_EXERCISE_. Apart from the pictures, every record here must be copied word for word.

[Collected data entries]
--- START ---

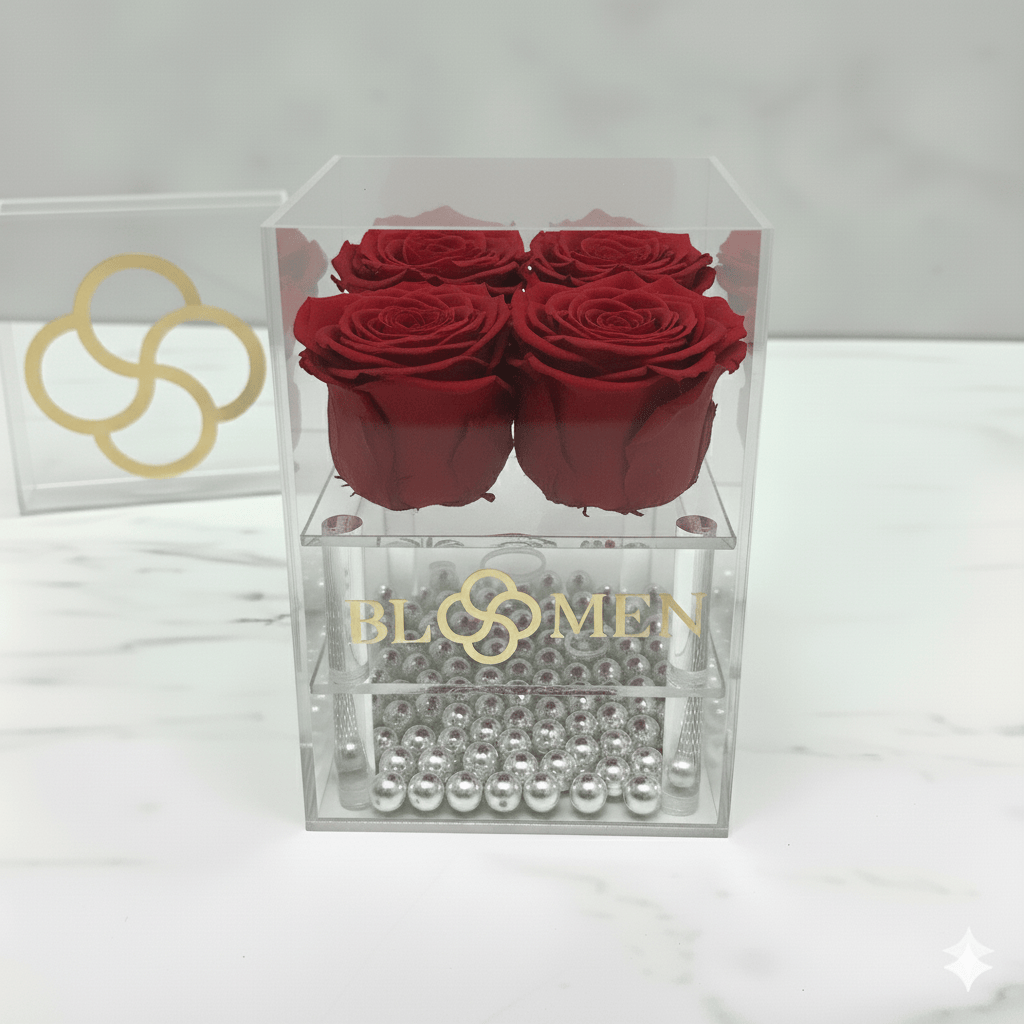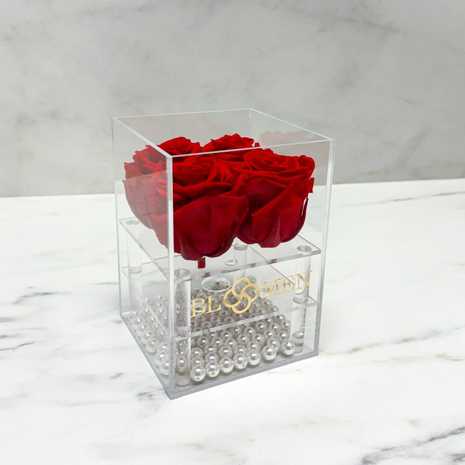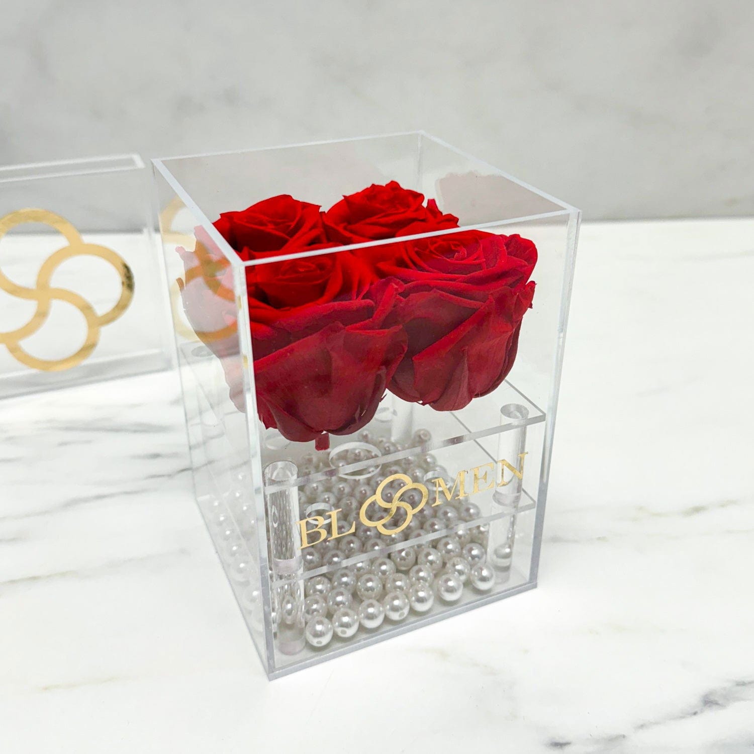 Real roses picked at their most beautiful then preserved to maintain their natural shape , colour and brightness, Bloomen's Everlasting Roses last up to one year.  Beautiful roses in a clear case made this modern arrangement a great way to showcase your love.
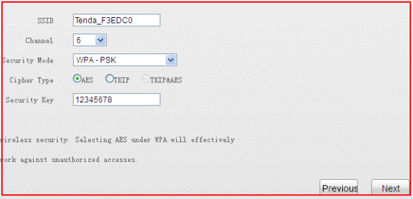 4. Then you will be in the following page, please do the settings as the picture, you can change SSID, it’s your wireless network’s name, Security Key is your wireless password; it should be at least 8 characters.
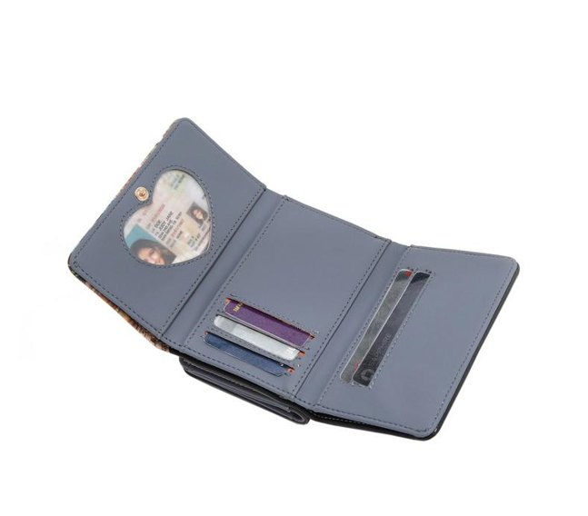 Външност от еко кожа. Преден капак с копче, който се отваря до тройно вътрешно пространство с 1 прозорец за лична карта във формата на сърце, 2 отделения за банкноти/пари в брой, 5 отделения за карти. Централен джоб за монети с копче. Заден портфейл с два капака и копче, който се отваря до 1 прозорец за лична карта, 2 отделения за банкноти/пари в брой, 4 отделения за карти. Вътрешна подплата от полиестер с принт. Аксесоари в златист цвят. Размер: 12,7 см (Д) x 3,8 см (Ш) x 8,9 см (В). Опаковано в кутия.
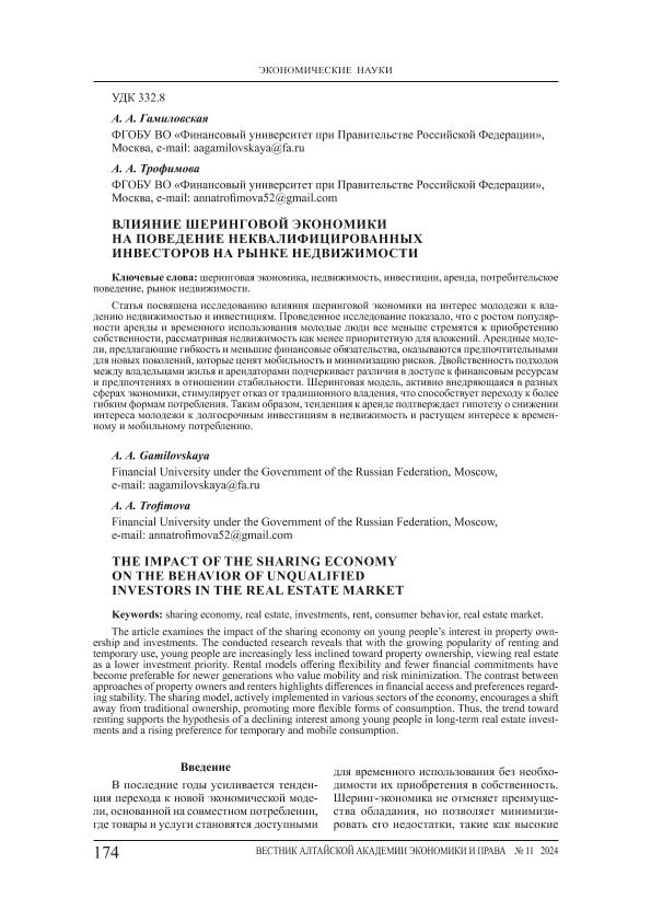 Гамиловская, А.А. Влияние шеринговой экономики на поведение неквалифицированных инвесторов на рынке недвижимости / А.А. Гамиловская, А.А. Трофимова // Вестник Алтайской академии экономики и права. – 2024. – № 11-2. — С. 174-181. — Только в электронном виде. — <URL:http://elib.fa.ru/art2024/bv3932.pdf>.
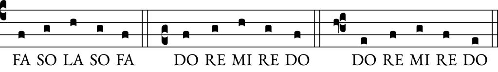In the mass, we practice these 4 notes (DO RE MI FA) in the Preface Dialogue (click to hear and practice).

--- END ---

_SOLUTION FOR THIS TASK_.
 Real roses picked at their most beautiful then preserved to maintain their natural shape , colour and brightness, Bloomen's Everlasting Roses last up to one year.  Beautiful roses in a clear case made this modern arrangement a great way to showcase your love.
 4. Then you will be in the following page, please do the settings as the picture, you can change SSID, it’s your wireless network’s name, Security Key is your wireless password; it should be at least 8 characters.
 Външност от еко кожа. Преден капак с копче, който се отваря до тройно вътрешно пространство с 1 прозорец за лична карта във формата на сърце, 2 отделения за банкноти/пари в брой, 5 отделения за карти. Централен джоб за монети с копче. Заден портфейл с два капака и копче, който се отваря до 1 прозорец за лична карта, 2 отделения за банкноти/пари в брой, 4 отделения за карти. Вътрешна подплата от полиестер с принт. Аксесоари в златист цвят. Размер: 12,7 см (Д) x 3,8 см (Ш) x 8,9 см (В). Опаковано в кутия.
 Гамиловская, А.А. Влияние шеринговой экономики на поведение неквалифицированных инвесторов на рынке недвижимости / А.А. Гамиловская, А.А. Трофимова // Вестник Алтайской академии экономики и права. – 2024. – № 11-2. — С. 174-181. — Только в электронном виде. — <URL:http://elib.fa.ru/art2024/bv3932.pdf>.
In the mass, we practice these 4 notes (DO RE MI FA) in the Preface Dialogue (click to hear and practice).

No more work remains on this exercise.